3. How did the people of Bengal react to the Partition of Bengal?

Answer: Lord Curzon’s highly unpopular measure of partitioning the state of Bengal led to an Assertive/Radical Nationalist movement. It was led by three ‘Bal, Pal, and Lal’. The movement was called Swadeshi and Boycott movement. “Swadeshi” means “of one’s own country.” The Swadeshi and Boycott movements spread to almost all parts of the country. The national movement thus became a mass movement.

4. How did the National Movement become mass movement after 1919? [HOTS]

Answer: To protest against the arrests of Gandhiji and two prominent Congress leaders, a large crowd gathered at Jallianwala Bagh on April 13, 1919. General Dyer, with his troops, entered the park and without giving any warning he ordered his troops to fire.
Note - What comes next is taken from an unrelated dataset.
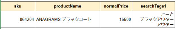 検索タグは1つのSKUに対して最大10件まで入力することができ、フィード上の任意項目として存在するので、以下のようにフィードに列を追加すれば使うことができます。
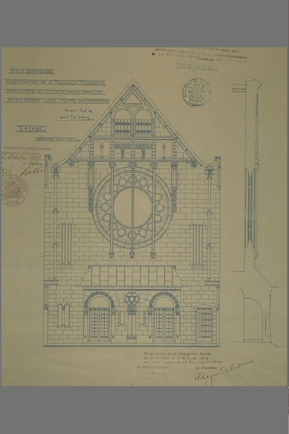 Alle rechten op de afbeelding 'Synagoge (Joseph De Lange): plan, voorgevel aanzicht, doorsnede gevelopstand' gemaakt door Pauwels, Oswald zijn voorbehouden aan Pauwels, Oswald.

Dyer left with 1000 dead and more than 2000 wounded. It sent a wave of anger and shock throughout the country. This prompted Gandhiji and the Congress to launch the Non-Cooperation Movement and people. Thus, the National Movement become a mass movement after 1919.

5. What were the main aims of the Muslim League?

Answer: The main aims of the Muslim League were:

a) To promote, among the Muslims of India, feelings of loyalty to the British Government and to remove any misconception that may arise due to the intentions of the Government with regard to Indian Muslims.
b) To protect and advance the political rights of the Muslims in India and respectfully represent their needs and aspirations to the Government.
c) To prevent the rise among the Muslims of India of any feeling of hostility towards other communities without prejudice to the aforesaid object of the league.

6. ‘Mahatma Gandhi found in salt a powerful symbol that could unite the nation.’ Explain.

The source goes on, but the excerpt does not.